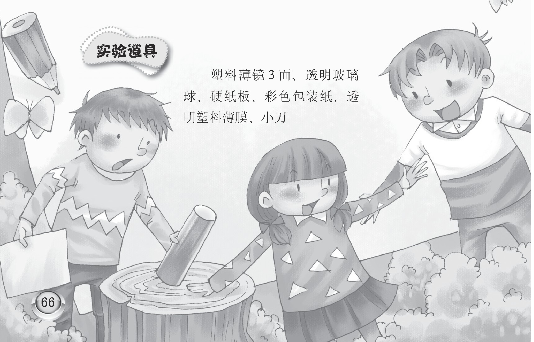 塑料薄镜3面、透明玻璃球、硬纸板、彩色包装纸、透明塑料薄膜、小刀
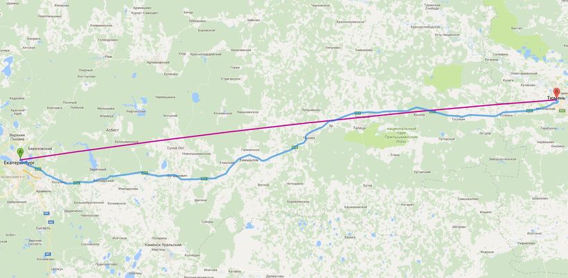 Екатеринбург - Тюмень - расстояние, время, стоимость бензина
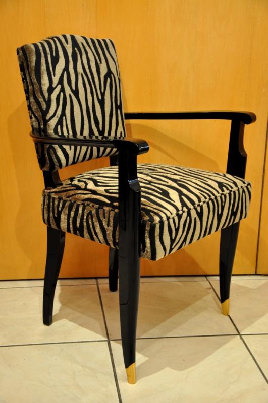 Rare pair of armchairs in black lacquer and gilded bronze ART DECO period 1930
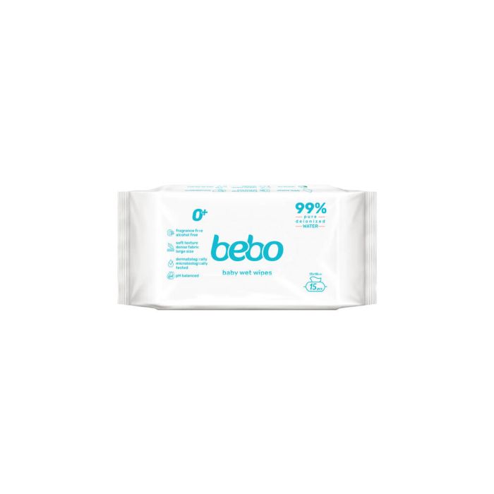 Bebo baby wet wipes са специално разработени за свръх чувствителната бебешка кожа. Подходящи са за всекидневна хигиенна грижа. Бебо Мокри кърпи 99% вода нежно почистват, освежават и овлажняват. Съдържат йонизирана вода, която предпазва от развитието на микроорганизми върху кожата. Подходящи са за употреба както за бебето, така и от цялото семейство. Без аромати. Без алкохол (етанол). Без минерално масло. Без силикони. Дерматологично тествани.

ACTION ITEM
Would you return all the data exactly as given, minus the pictures?

OUTPUT OF THE TASK
 塑料薄镜3面、透明玻璃球、硬纸板、彩色包装纸、透明塑料薄膜、小刀
 Екатеринбург - Тюмень - расстояние, время, стоимость бензина
 Rare pair of armchairs in black lacquer and gilded bronze ART DECO period 1930
 Bebo baby wet wipes са специално разработени за свръх чувствителната бебешка кожа. Подходящи са за всекидневна хигиенна грижа. Бебо Мокри кърпи 99% вода нежно почистват, освежават и овлажняват. Съдържат йонизирана вода, която предпазва от развитието на микроорганизми върху кожата. Подходящи са за употреба както за бебето, така и от цялото семейство. Без аромати. Без алкохол (етанол). Без минерално масло. Без силикони. Дерматологично тествани.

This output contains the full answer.